As I have written many times, a major source of the harm inherent in the finance sector today, is that its product pushers are allowed to be marketed as advisers to a vulnerable public. The effects are routinely devastating for individuals, and as we have seen writ large since 2008, destabilizing for society as a whole.

Today after 6 years of officially sanctioned mania to push savings farther and farther out the risk curve, the world is poised perfectly to meet financial demise once more. Whether it be towers of empty condos with negative cash flow and understated ‘vacancy rates’, see: The vacant truth about rental condos, or heinously valued dividend-paying securities with crushing capital prospects–sitting ducks are far and wide.

Not content with just gouging outrageous profits by incinerating client savings, many financial ‘advisory’ firms are pushing ‘investment’ loans as the very life-blood of their business model. Whether it be extracting equity loans from homes or borrowing against current portfolios via margin loans, the rage of the day proclaims that “rates are attractive”.  Of course, the attraction is for the product pushers, not their customers.
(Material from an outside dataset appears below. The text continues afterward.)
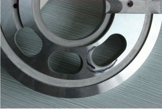 某批零件在磨削工序出現裂紋、崩邊脫落現象,如圖2所示,問題零件共200余件,缺陷均集中在配油盤的平面側,球面側未發現類似問題。針對這一問題,進行理化檢驗分析,以找出具體原因。

See this nauseating update for further insight: Disgusted Wells Fargo Advisor: what hasn’t been said about securities-based lending.

A Wells Fargo source had this to say, “you would think that the firm did a pretty good job of staying out of trouble when the last crisis nearly destroyed many of its rivals. Yet they keep upping the ante in this area (securities based lending). Not only are there required referrals built into the grid now but there are also built in penalties that nobody has talked about. That seems to be the very definition of ‘product placement’. To be penalized for not making lending referrals has to be an eye opener…

A second Wells Fargo source was more animated regarding the policy and described the loan incentives…Pushing clients to lever up 60-70 percent or more at the top of the market is the real crime. They are mostly using that money in the same way homeowners levered up their homes with HELOCS. We all know how that turned out. In fact many places market them using that terminology. It’s the same at Yodas favorite shop (UBS) as it is anywhere else. And it’s all about firm profits not client interest. I also laugh out loud when I see an article about banks pushing cards. At one shop you could have earned a super bowl ticket or a trip if you opened enough credit card accounts. A sales assistant can get $100 for each SBL.

Unfortunately this story is not just about Well Fargo, or UBS, but about the mindset and tactics common throughout the financial sector.  The consequences cost all of us.